Interior del vehículo
Desde el interior, comprueba que todos los botones del panel central funcionan correctamente: intermitentes, parabrisas, limpiaparabrisas, luces de emergencia, radio, aire acondicionado, calefacción, bloqueo y desbloqueo de puertas y maletero, elevalunas eléctricos, guantera, etc.
También debes comprobar que los asientos, los cinturones de seguridad y los anclajes estén en buen estado.

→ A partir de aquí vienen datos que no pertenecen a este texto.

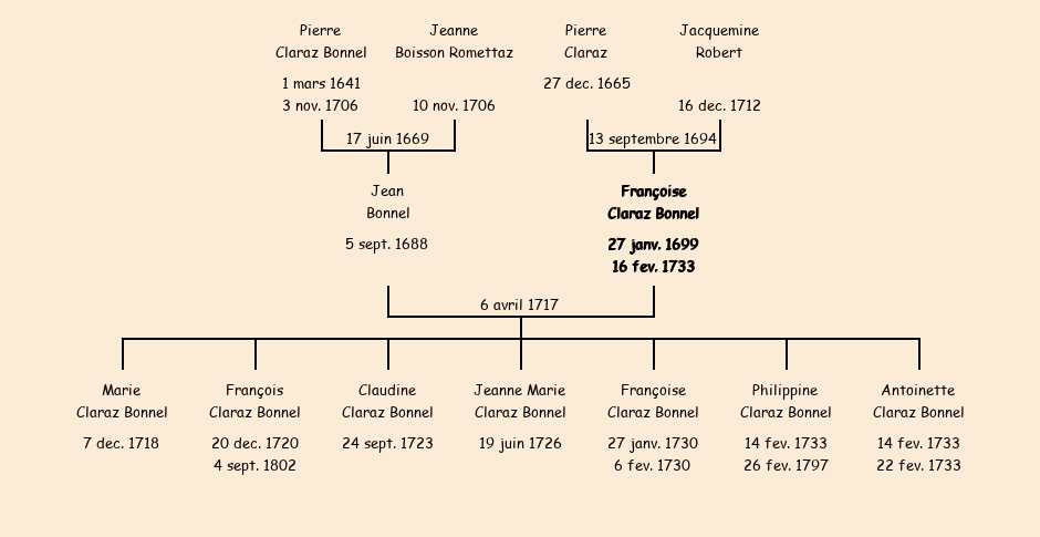 Françoise Claraz Bonnel apparait dans le recensement de la population de 1716. |
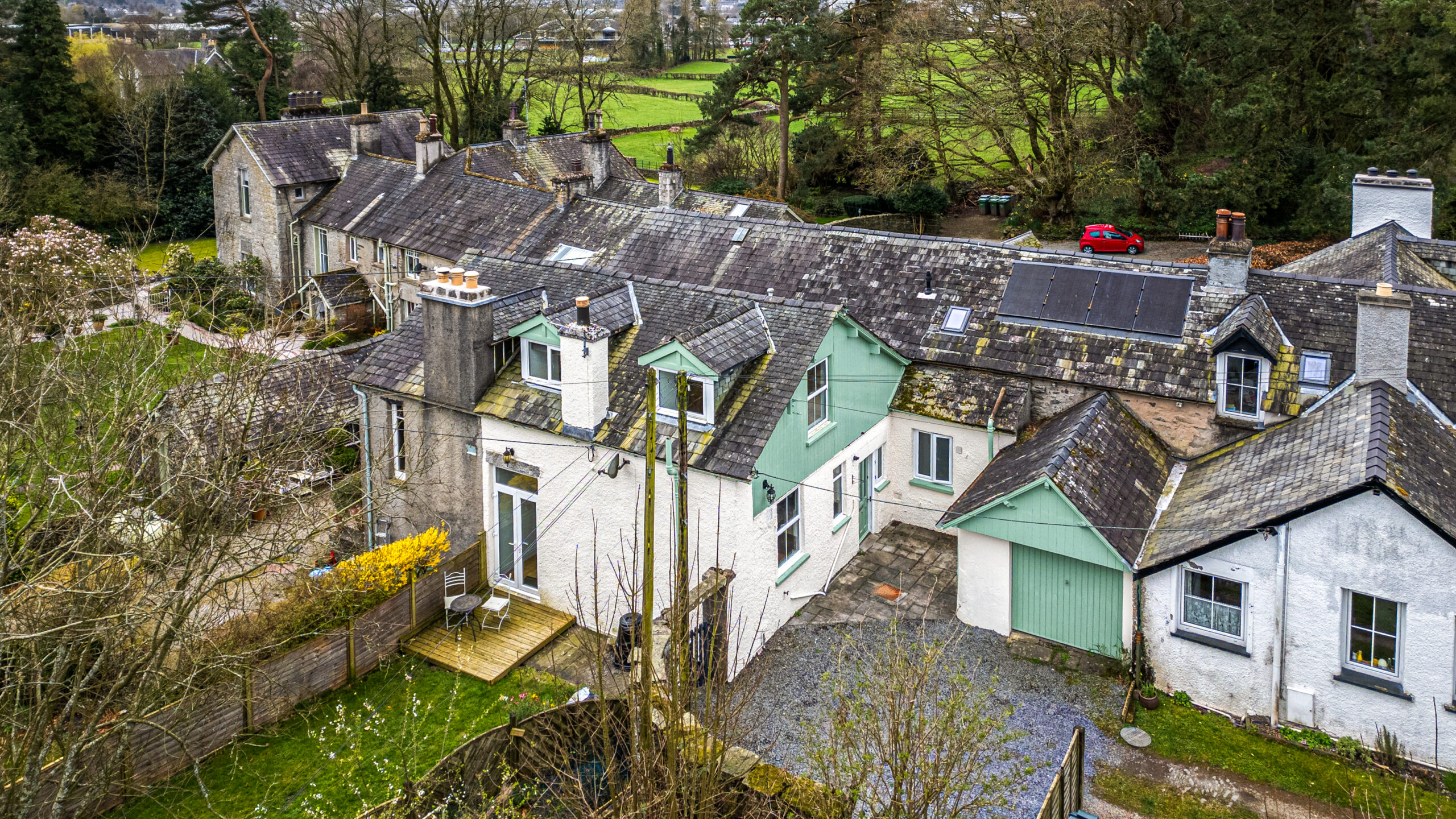 The property’s exterior is equally impressive, boasting large gardens multiple outdoor seating areas, including a decked terrace provide ideal spots for relaxation or entertaining guests. The house is enhanced by off-road parking, including a gravel driveway and an attached garage. Period details add character throughout, while contemporary touches such as modern bathrooms (with walk-in shower, illuminated mirror, sleek tiling, and a bath-tub with shower) ensure comfort and style. The property’s gardens create a peaceful retreat, perfect for families, gardeners, or those seeking a serene countryside lifestyle. This home promises a rare opportunity to enjoy spacious, flexible living in a tranquil rural setting on the outskirts of Kendal. No chain.
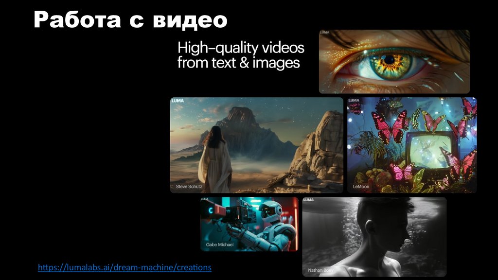Работа с видеоhttps://lumalabs.ai/dream-machine/creations
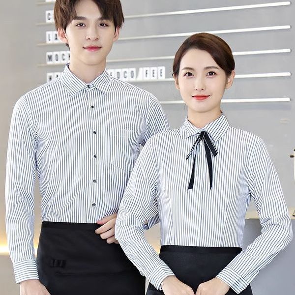 Pelayan pakaian kerja bergaris kemeja pria dan wanita sama profesional baju setelan barat restoran depan meja kasir pakaian kerja
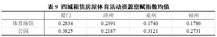 体育活动资源禀赋指数的目标是通过评价小区周边体育场馆与公园两个不同需求等级的体育活动设施的距离和数量的综合水平,以期得到体育活动资源禀赋的客观评价,四城均值如表9所示。
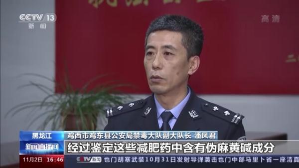 鸡西市鸡东县公安局禁毒大队副大队长 潘凤君:经过鉴定这些减肥药中含有伪麻黄碱成分,因为根据《危险化学品管理条例》《易制毒化学品管理条例》,伪麻黄碱是受有关部门管制的药品,也是制作冰毒的原材料之一。
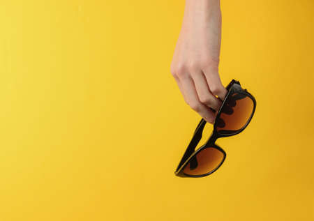 Female hand holds stylish sunglasses on a yellow background. Fashion studio shot
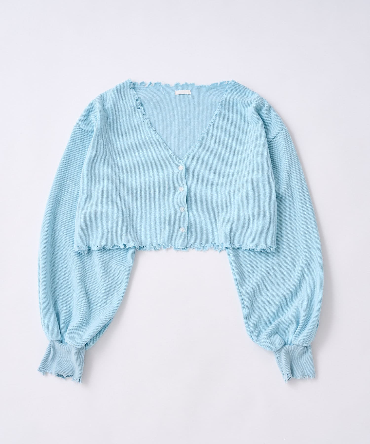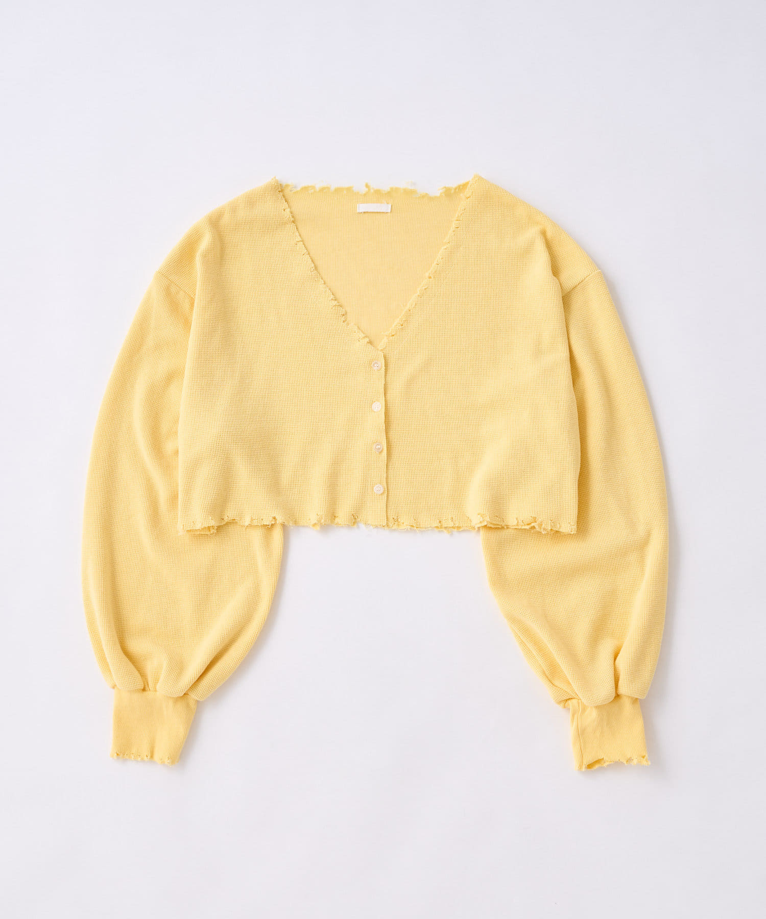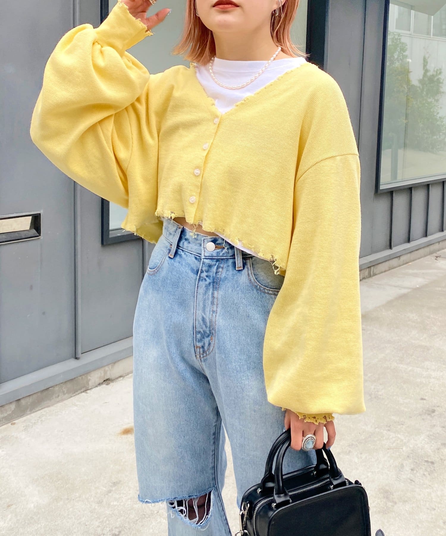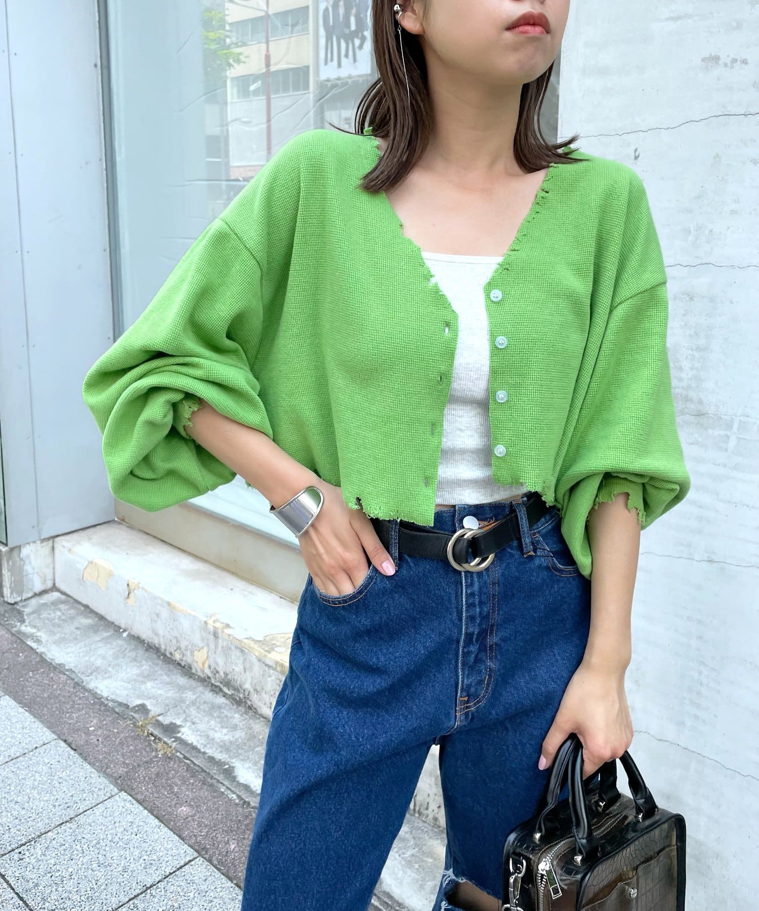ワッフル素材・袖のボリューム・ダメージ加工、可愛さ3点がギュギュっと詰まった薄手カーディガン
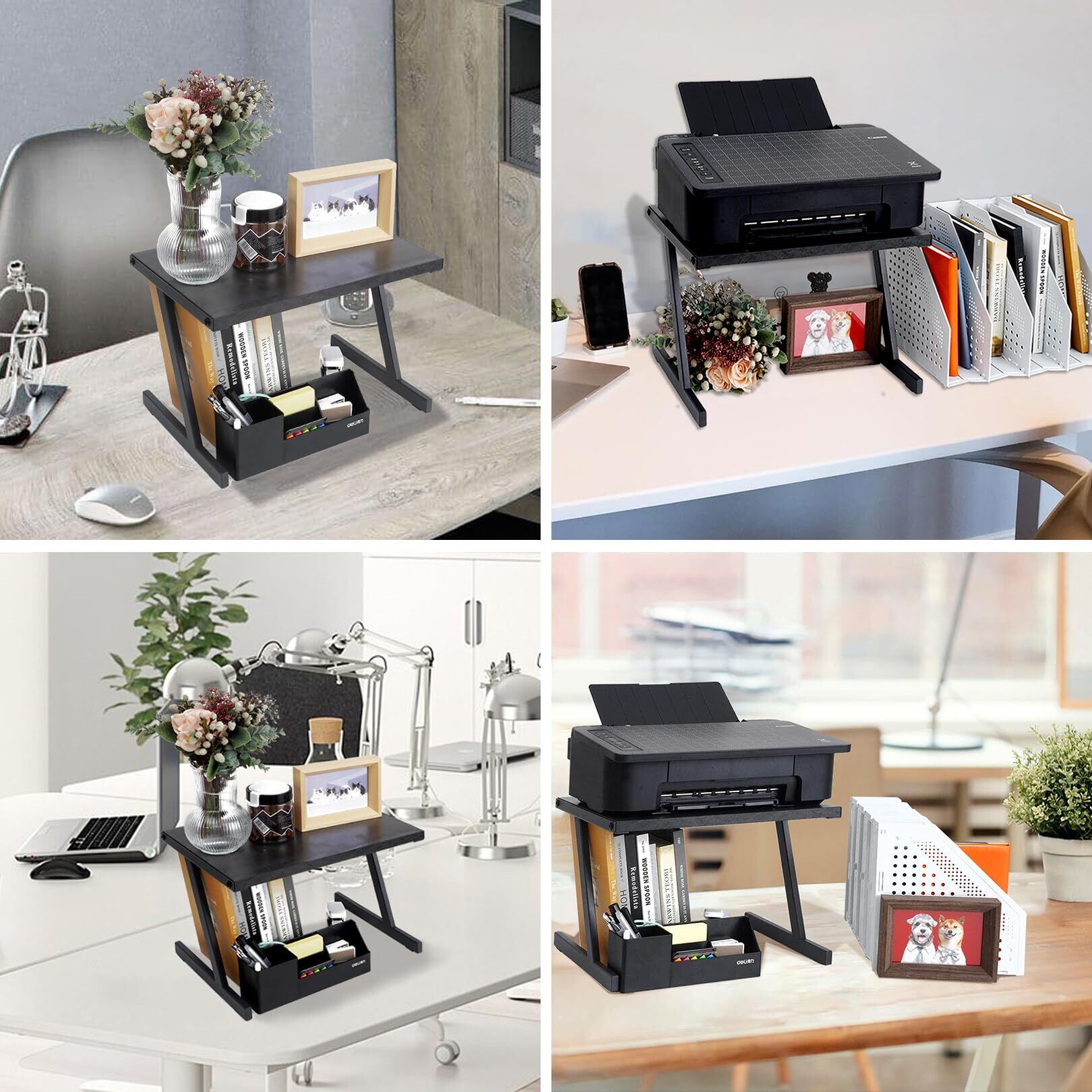 【収納力アップ・省スペース】2段式プリンターラックは、2段収納スペースがあるほか、棚板の下部分も活用できます。より多くの収納スペースを提供するだけでなく、デスクトップをより整然とさせることができます。プリンタ、ファイル、本、事務用品、すべてを整理します!
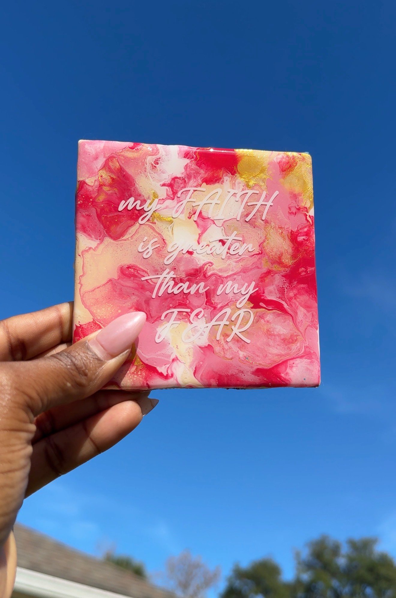 Set of 4 tile coasters topped with resin

Otros aspectos a comprobar
Además de todo lo anterior, es fundamental comprobar:
- Documentación del vehículo
- Kilometraje
- Número de chasis
- Manual del vehículo
- Juego de llaves
- El propietario puede proporcionar una copia del libro de registro del vehículo, y usted puede comprobar si los datos del vendedor coinciden con los del libro de registro.
- Puede solicitar un informe detallado de todas las reparaciones que se han realizado.
- Si el vehículo tiene Certificado de Conformidad, le servirá para comprobar información técnica, así como, para poder importarlo y matricularlo en Europa.
Conclusión
Comprobar un coche de segunda mano antes de comprarlo es esencial para asegurarse de que está tomando la decisión correcta.
Inspeccionar el estado de un vehículo puede llevar mucho tiempo.
No te precipites y tómate tu tiempo.
Y recuerde que si la oferta del vendedor no se ajusta a la realidad, puede ofrecer un precio más bajo.